Question

Let $H_{\mathbf{Q}}$ and $H_{\mathbf{Q}}^'$ be two pure Hodge structures of weight $n$ and $n'$ respectively. How do you prove the following simple fact:

fact: If $n>n'$ and $f:H_{\mathbf{Q}}\rightarrow H_{\mathbf{Q}}^'$ is a morphism which respects the filtrations over $\mathbf{C}$, then $f=0$.

I don't quite see how to use the assumption $n>n'$...

added

My original question was related to the fact that asking the morphism to be compatible with the torus action seems to be a stronger condition that only asking for the filtration to be preserved.
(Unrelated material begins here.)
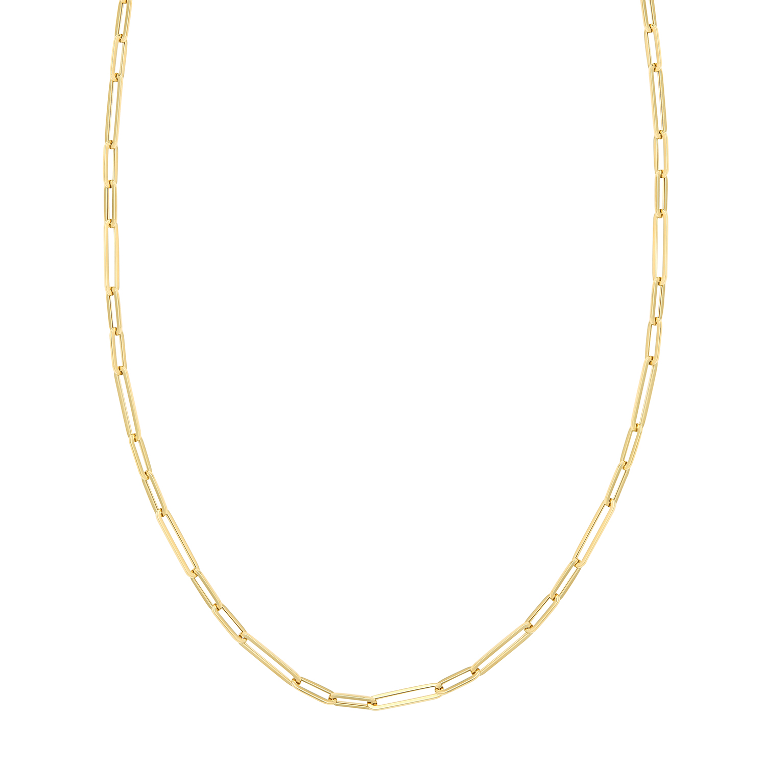 9ct gold paperclip necklet. This elegant 9ct gold necklet features a modern design with elongated links. This necklet is the perfect piece of jewellery for everyday wear or even as a gift for yourself or somebody else.

And I guess that in general this is all you can say. This reflexion was motivated by Deligne Scholie 5.1 in Hodge 1 which says the following:

Scholie 5.1 Soit $H$ et $H'$ des structures de Hodge de poids $n$ et $n'$ avec $n>n'$.Soit $f:H_{Q}\rightarrow H_Q'$ un morphisme tel que $f:H_C\rightarrow H_C'$ respecte $F$. Alors $f=0$.

Q: So how should I interpret Scholie 5.1?

Answer 1

Here is a proof of the Scholie:

For a pure Hodge structure $H$ of weight $n$ we have $H_{\mathbb{C}} = \oplus_{p+q=n} H^{p,q}$ where we have $H^{p,q} := F^p \cap \bar{F}^q$. The key point is that $H^{p,q}$ as defined above is $0$ if $p+q > n$ (but not if $p+q < n$). This is because for a pure Hodge structure of weight $n$ we have $F^p = \oplus_{p' \geq p, p' +q' = n} H^{p',q'}$ and $\bar{F}^q = \oplus_{q' \geq q, p' + q' = n} H^{p',q'}$.

The Scholie now follows easily: It suffices to prove that $f(H^{p,q}) = 0$ for all $p+q = n$. Since $f$ is defined over $\mathbb{Q}$, $f(H^{p,q}) \subset H'^{p,q}$ and the latter is $0$ if $n > n'$.